I'm just asking you to invert the condition. At the user level, a "literal" label is one that should be taken "literally", as in, it shouldn't have the global prefix. The \01 prefix is not part of the user-level semantics of asm labels; it's just part of the representation of symbols in LLVM IR, and mangleName should add it or not depending on what gets the right behavior from LLVM. Ultimately, that will include canonicalizing labels so that an asm label that starts with the global prefix (e.g. asm("_foo")) will just be translated appropriately (to @foo rather than @\01_foo), but you've reasonably asked not to take that on in this patch, so all you need to do is make sure that we're only adding \01 when the label is literal and there actually is a global prefix.

vsk updated this revision to Diff 221645.Sep 24 2019, 6:00 PM
vsk retitled this revision from [Mangle] Add flag to asm labels to disable global prefixing to [Mangle] Add flag to asm labels to disable '\01' prefixing.
vsk edited the summary of this revision. (Show Details)
  • Address latest round of comments.

Thanks. One last and minor request: please mention in the comment on IsLiteralLabel that non-literal labels are used by some external AST sources like LLDB.

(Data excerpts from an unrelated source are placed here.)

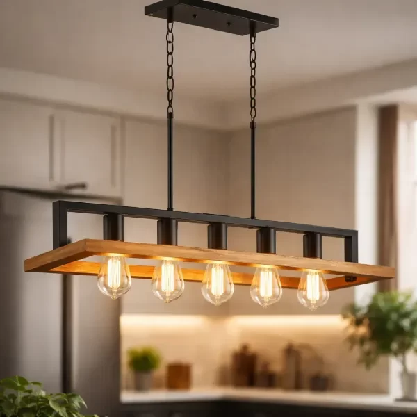 Colgante industrial 5 luces madera c/estructura de hierro y rosca E27.
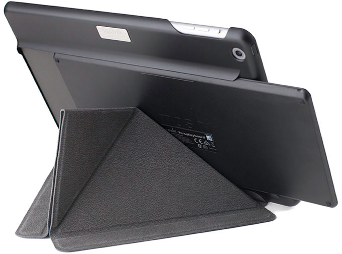 Аксессуар получил название VersaKeyboard и очень необычную конструкцию. Вероятно, дизайнеры Moshi вдохновлялись оригами, создавая данный чехол. Задняя поверхность iPad Air защищается пластиковой накладкой, повторяющей форму корпуса устройства. К ней же на своеобразных салазках крепится беспроводная Bluetooth-клавиатура. Лицевая панель планшета прикрывается аналогом Smart Cover, выполненным под кожу, и обладает парой уникальный функций.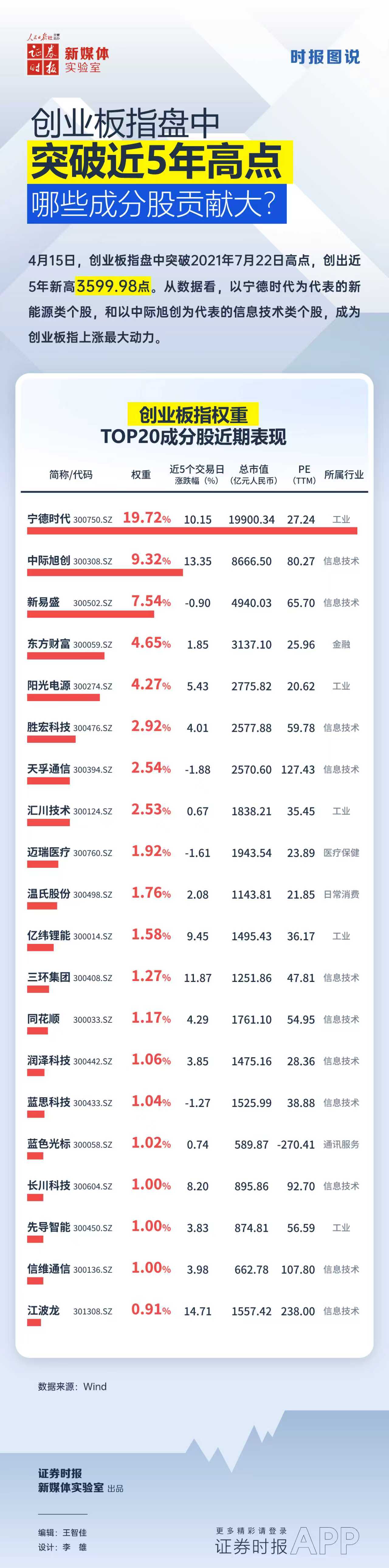 时报图说丨创业板指盘中突破近5年高点,哪些成份股贡献大?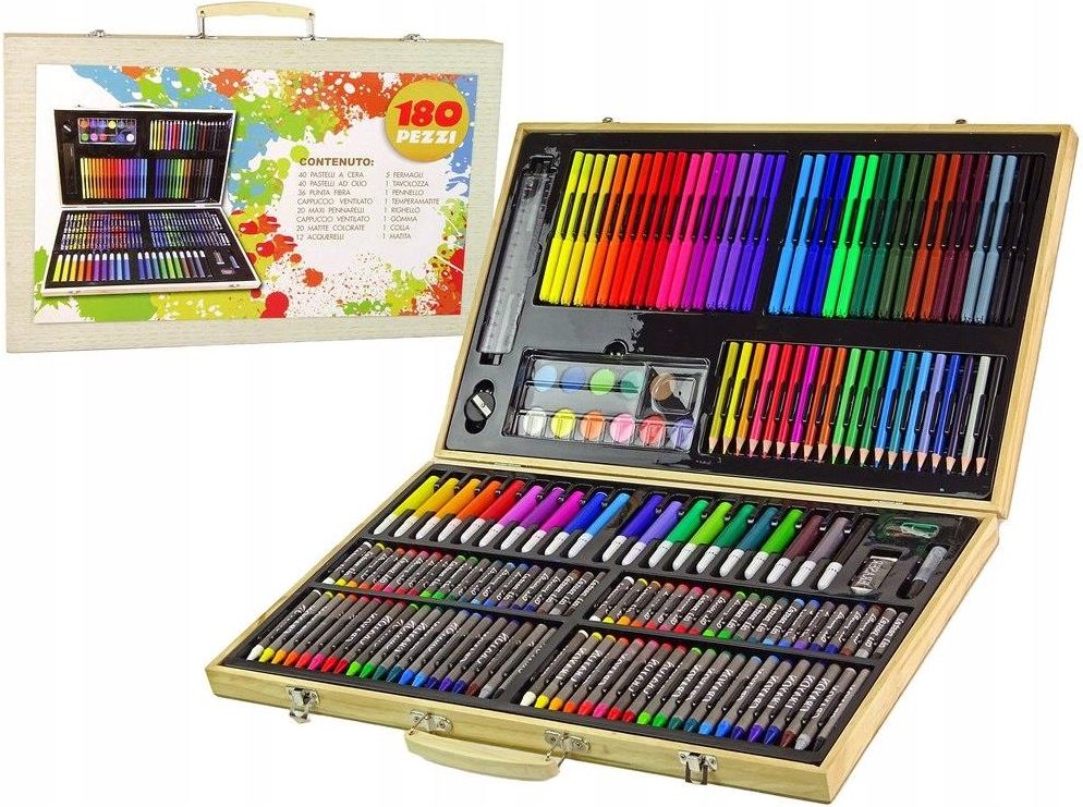 Artistic Painting Set Wooden Suitcase 180 Pieces Stimulate your child's imagination and creative abilities with an art set. The magic suitcase contains everything you need to play: crayons, markers, pastels, paints and other useful items for artistic creation: ruler, eraser, brush, etc. The …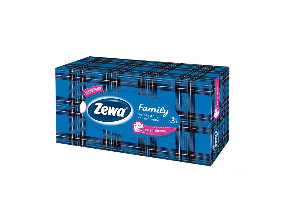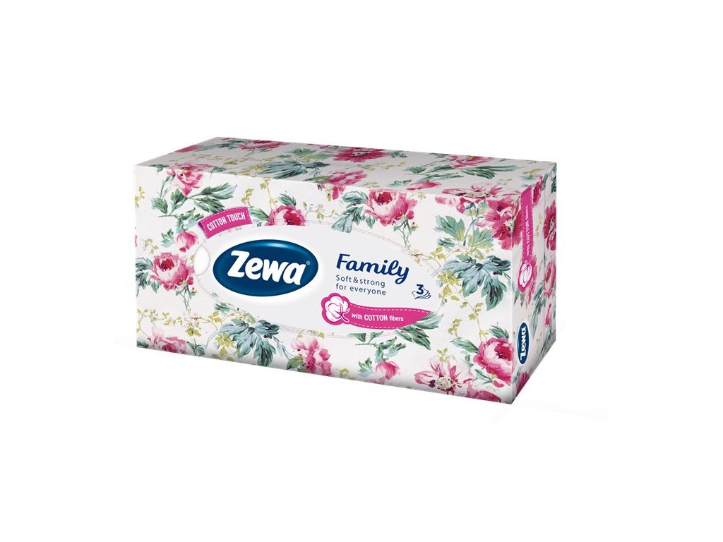 Papierové vreckovky, 3-vrstvové, 90 ks, ZEWA "Family", bez vône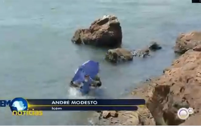 O jornalista seguiu firme, destacando os prejuízos que a baia do rio causava para os moradores. Ao final, disse que não havia se machucado. “A gente sabe que está calor, eu só estava refrescando aqui os meus pés”, descontraiu.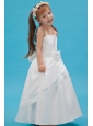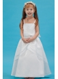 Home >  Flower Girl Dresses > White A-line Straps Flower Girl Dress Taffeta Sash Floor-length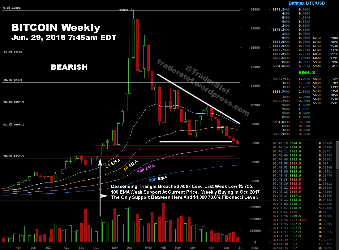 6) June 29, 2018 7:45am EDT – “Bitcoin Weekly, Descending Triangle breached at 6k low last week. Low $5,755. 100 EMA weak support at current price. Weekly buying in Oct. 2017 is the only support between here and $4,300 78.6% Fibonacci level.”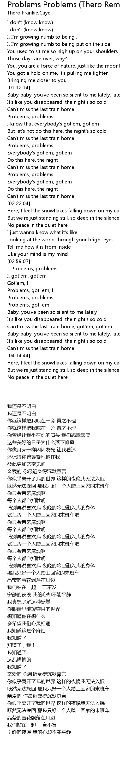 | [01:31.45] | Problems, problems |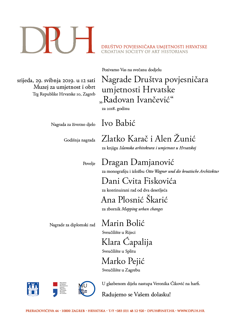 Zlatko Karač i Alen žunić dobitnici su Godišnje nagrade Društva povjesničara umjetnosti Hrvatske „Radovan Ivančević“ za knjigu „Islamska arhitektura i umjetnost u Hrvatskoj“ objavljenu u 2018. godini (izdavači: Arhitektonski fakultet Sveučilišta u Zagrebu i UPI-2M PLUS)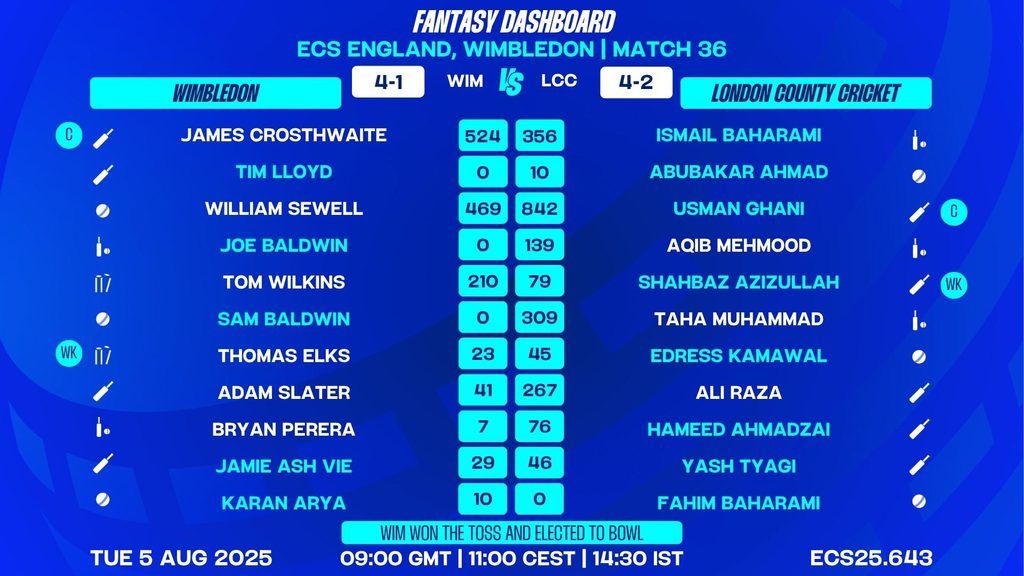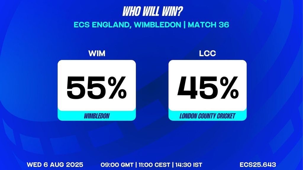 With both teams boasting strong records and match-winners, ECS England, Wimbledon, 2025 Group B Match Day 4 Match 36 promises to be a high-octane T10 clash. The battle between Wimbledon's consistency and LCC’s explosive firepower, led by Usman Ghani, will be the key narrative. Expect fireworks at Raynes Park Sports Ground as these two sides vie for supremacy and crucial group points.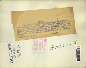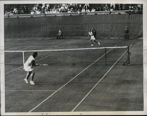 1934 Press Photo Betty Nuthall vs Baroness Maude Levi at Forest Hills tennis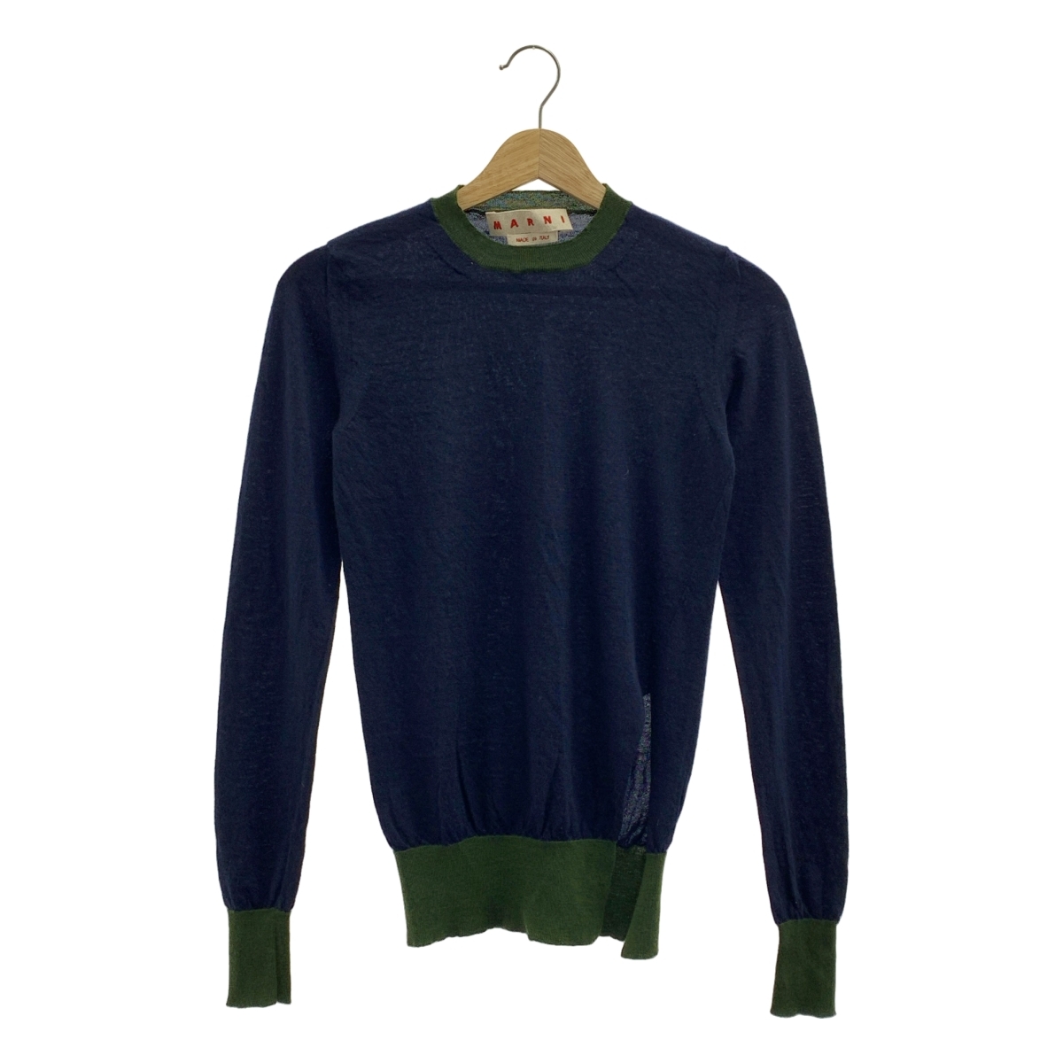MARNI / マルニ | カシミヤ サイドスリット クルーネックニット | 38 | ネイビー | レディース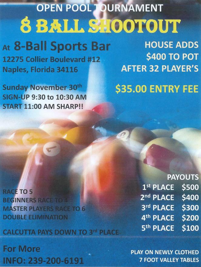 Please call Darwin for more information. Phone number on the listing. Just posting not affiliated with pool tournament.

teemperor resigned from this revision.Sep 25 2019, 2:08 AM

This LGTM modulo rjmccall's comment.

vsk updated this revision to Diff 221801.Sep 25 2019, 10:13 AM
  • Add a comment describing where non-literal labels are used.
rjmccall accepted this revision.Sep 25 2019, 10:28 AM

Thanks, LGTM.

This revision is now accepted and ready to land.Sep 25 2019, 10:28 AM
This revision was automatically updated to reflect the committed changes.
Herald added a project: Restricted Project. · View Herald TranscriptSep 25 2019, 11:00 AM
aaron.ballman added inline comments.
cfe/trunk/lib/AST/Mangle.cpp
127 ↗(On Diff #221805)

Sorry to dredge up an old review, but I recently ran into a bug in this area and am not certain of how to fix it. What should happen if the asm label is a literal which is empty? e.g.,

void foo(void) __asm__("");
void foo(void) {}

Currently, that seems to get through this code path and stream an empty string into the output stream. However, writeFuncOrVarName() doesn't check that it actually wrote anything into the stream when calling mangleName() and returns success to the caller. This causes writeName() to eventually call llvm::Mangler::getNameWithPrefix(), which asserts that the passed StringRef is not an empty string and we crash. The typical LLVM code path seems to treat unnamed symbols as being mangled with __unnamed_N (where N is replaced), but this relies on having a GlobalValue* available to get the next mangling ID.

I'm not certain of where to fix the bug. Should the LLVM side be able to accept an empty string and try to gin up a GlobalValue* to mangle it properly? Should the FE side not generate an empty name here? Should empty asm labels be rejected at the source level?

Thanks for any insights you can provide!